Пророчество это было достаточно древним, чтобы ему можно было верить без дополнительных сомнений. И опять мимо. В истории России этот год вообще мало чем примечательным отметился. Не дождались конца света — с кем не бывает? Окей, попытка номер три.

Логично, конечно, задаться вопросом о том, почему люди вообще с таким упорством ждут конца света — им что, жить надоело? Ну, вообще-то, можно и так сказать.

Во-первых, жить в средневековой России — удовольствие ниже среднего. Кто-то может сказать, что и сейчас это удовольствие довольно посредственное, но, скорее всего, вы просто не знаете, что такое жизнь в средневековой России. Жизнь в средневековой России — это когда ты весь год вынужден жрать одну репу и подгнивший хлеб (репа, кстати, скорее всего, тоже была подгнившая) вперемешку с квашеной капустой, в довольно тесной избе вместе с тобой постоянно находится человек десять детей, состав которых, скорее всего, каждый год обновляется из-за огромной смертности и не менее внушительной рождаемости, твоя жена, скорее всего, мало что для тебя значит, ибо женился ты на самом деле на первой встречной. А еще не факт, что ты доживешь до конца года, потому что всегда есть вероятность, что твою деревню сожжет любой рандомный маргинал или ты подхватишь какую-нибудь очередную холеру, и это будет не самым худшим развитием событий, потому что, если ты доживешь до следующего года, весной придется пахать поле, сеять эту проклятую репу, и все по прежней схеме будет продолжаться еще пару десятков лет.

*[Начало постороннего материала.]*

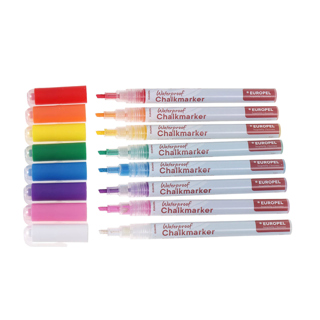 * Ontdek de watervaste krijtstiften 6mm in een 8 kleuren assortiment etui, perfect voor al je creatieve projecten. * Deze set bevat 8 levendige kleuren: rood, paars, blauw, oranje, roze, geel, groen en wit. * Ideaal voor het maken van opvallende borden, raamdecoraties en kunstwerken. * De 3-6mm punt maakt zowel bredere als smalle lijnen mogelijk, afhankelijk van de hoek waarin je de stift houdt. * De watervaste inkt zorgt ervoor dat je ontwerpen helder blijven, zelfs bij blootstelling aan water. * Dit maakt ze ideaal voor gebruik op buitenborden, ramen en andere oppervlakken die kunnen worden blootgesteld aan weersomstandigheden. * Je ontwerpen en boodschappen blijven helder en duidelijk, ongeacht de omstandigheden. * Deze stiften zijn gemaakt van niet-giftige materialen, snel drogend en geurloos, wat ze veilig en gebruiksvriendelijk maakt. * Of je nu een kleurrijk menu voor een café wilt maken, een opvallend raamdisplay wilt ontwerpen, of gewoon wil experimenteren met verschillende kleuren in je kunstwerken, deze set heeft alles wat je nodig hebt. * De intense, dekkende kleuren zorgen ervoor dat je ontwerpen echt tot leven komen.

К этому можно добавить далекий от позитивного вид средней полосы России в качестве места действия — и становится понятно, что для некоторых смерть могла бы быть куда более предпочтительным исходом. Особенно если есть надежда на куда более благоприятное посмертное существование — пусть и не совсем конкретное, но возможно, там хотя бы не придется пахать и жрать репу.

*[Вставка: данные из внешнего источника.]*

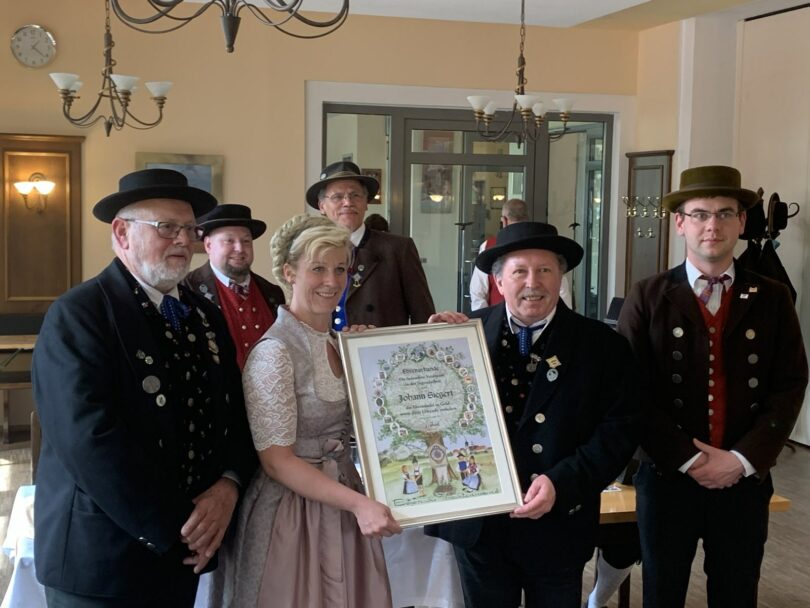 Bericht und Foto: Dominik Beer – Veronika Söllner überreichte Johann Siegert (2. v. re) die Urkunde und Ehrennadel der Bayerischen Trachtenjugend in Gold

«Надежда» — в принципе одно из фундаментальных понятий для христианства, и тут оно отрабатывало по полной. Так что вполне понятно, почему конец света именно ждали.

Третья попытка дождаться расползлась по времени на весь XVI век. Даты возникают совершенно разные — иногда получаемые путем каких-то сочиненных вычислений на границах теологии, примитивной математики и едва ли не астрологии, иногда — подхватываемые из разной степени достоверности и психоделичности видений. На фоне подобного ментального хаоса террор Ивана Грозного воспринимается вполне закономерно — не то как вполне ожидаемый Страшный суд, не то как грандиозная подготовка к нему, не то как ускорение его прихода. Сам царь, кстати, нередко придерживается подобных же взглядов на происходящее. Но это тема для отдельного разговора.

К моменту смерти Ивана Грозного логика развития происходящего в стране потерялась окончательно. Царь, который помазанник Божий и вообще носитель крайней степени сакральности, ибо управляет не просто гигантским куском территории на дальнем краю Европы, а Третьим Римом, углубляется в собственный психоз, постепенно теряя связь с реальностью, бояре или бегут в Европу, или оказываются торжественно убиты, или всеми силами пытаются избежать первых двух вариантов развития событий с максимумом выгоды для себя. Население все происходящее списывает на страдания, посланные за непомерные грехи человечества. Искупление должно наступить. А то что же, зря его ждут уже сотню лет?

Когда последний сын Грозного, Федор, умер, призрак апокалипсиса снова появился и начал кричать о себе громче, чем когда либо. Третий Рим остался без Царя, последний Царь отправился куда-то далеко-далеко — ну, теперь уж точно апокалипсис.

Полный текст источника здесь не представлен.